USD/JPY Back Below 118.50 Before BOJ Sets Monetary Policy

The yen gained against the dollar, snapping a three-day drop, before Bank of Japan Governor Haruhiko Kuroda and his colleagues decide whether to expand monetary easing at a policy meeting ending today.  A gauge of the dollar traded near a 10-year high after the International Monetary Fund upgraded its forecast for the U.S. even as it made the steepest cut to its global-growth outlook in three years.
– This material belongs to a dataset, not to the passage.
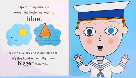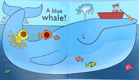 画面上男孩和蓝鲸的大小对比十分有趣,整个画面与蓝色完美呼应。刚才的镂空洞洞又成为五彩缤纷小鱼的身体一部分。

The euro was at almost the lowest level in 11 years before the European Central Bank decides tomorrow whether to buy sovereign bonds under quantitative easing.

“I don’t expect anything from the BOJ, but with Kuroda having surprised markets in October and positions built up yesterday, markets could get volatile after the decision regardless of its content,” said Kumiko Ishikawa, analyst at Gaitame.com Research Institute. “If there is nothing from the BOJ, dollar-yen could fall” below 118, she said.

The yen gained 0.5 percent to 118.29 per dollar at 11:41 a.m. in Tokyo from yesterday. It rose 0.3 percent to 136.81 yen. The euro traded at $1.1567 from $1.1550, after sliding to $1.1460 on Jan. 16, the weakest level since November 2003.